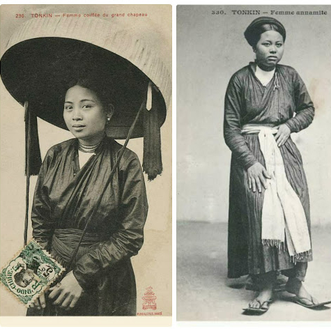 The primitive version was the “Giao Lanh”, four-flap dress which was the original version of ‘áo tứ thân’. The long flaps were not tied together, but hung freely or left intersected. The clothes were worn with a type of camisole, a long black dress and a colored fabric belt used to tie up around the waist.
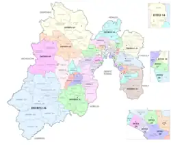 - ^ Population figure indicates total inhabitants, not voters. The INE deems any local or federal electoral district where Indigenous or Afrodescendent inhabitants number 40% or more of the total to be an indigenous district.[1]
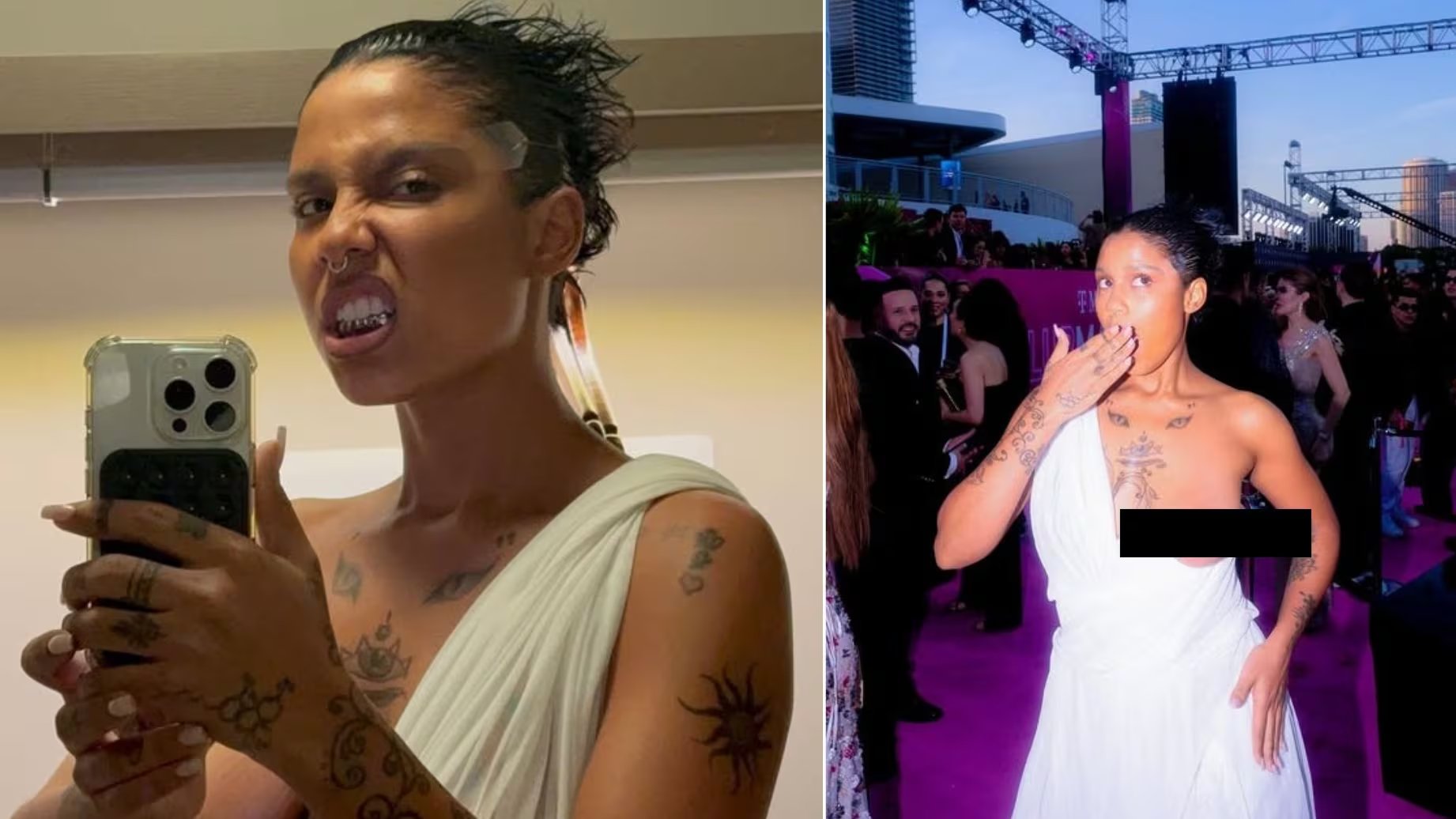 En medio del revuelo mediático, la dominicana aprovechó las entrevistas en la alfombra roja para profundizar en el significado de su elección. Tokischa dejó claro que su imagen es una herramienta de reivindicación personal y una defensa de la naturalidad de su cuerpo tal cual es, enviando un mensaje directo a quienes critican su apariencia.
·····
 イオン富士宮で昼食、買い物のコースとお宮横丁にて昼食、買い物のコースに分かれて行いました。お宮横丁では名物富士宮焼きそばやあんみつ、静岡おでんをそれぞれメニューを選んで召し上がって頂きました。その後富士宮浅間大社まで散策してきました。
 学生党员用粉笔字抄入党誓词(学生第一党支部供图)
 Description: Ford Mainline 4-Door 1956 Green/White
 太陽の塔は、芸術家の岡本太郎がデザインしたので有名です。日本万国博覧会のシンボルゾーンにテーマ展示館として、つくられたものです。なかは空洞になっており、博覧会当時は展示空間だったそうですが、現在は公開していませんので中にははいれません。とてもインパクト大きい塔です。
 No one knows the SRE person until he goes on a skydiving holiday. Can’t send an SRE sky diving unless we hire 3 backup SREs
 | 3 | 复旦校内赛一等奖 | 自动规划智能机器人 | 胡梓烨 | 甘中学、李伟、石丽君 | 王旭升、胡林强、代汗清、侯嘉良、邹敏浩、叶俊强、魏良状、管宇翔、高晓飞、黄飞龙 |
·····
> _The task_
What is needed is a verbatim copy of every line in the records above from the one containing "Description: Ford Mainline" down to the one containing "甘中学、李伟、石丽君 | 王旭升、胡林强、代汗清、侯嘉良、邹敏浩、叶俊强、魏良状、管宇翔、高晓飞、黄飞龙 |", both included, and nothing more.

> _Answer for the task_
 Description: Ford Mainline 4-Door 1956 Green/White
 太陽の塔は、芸術家の岡本太郎がデザインしたので有名です。日本万国博覧会のシンボルゾーンにテーマ展示館として、つくられたものです。なかは空洞になっており、博覧会当時は展示空間だったそうですが、現在は公開していませんので中にははいれません。とてもインパクト大きい塔です。
 No one knows the SRE person until he goes on a skydiving holiday. Can’t send an SRE sky diving unless we hire 3 backup SREs
 | 3 | 复旦校内赛一等奖 | 自动规划智能机器人 | 胡梓烨 | 甘中学、李伟、石丽君 | 王旭升、胡林强、代汗清、侯嘉良、邹敏浩、叶俊强、魏良状、管宇翔、高晓飞、黄飞龙 |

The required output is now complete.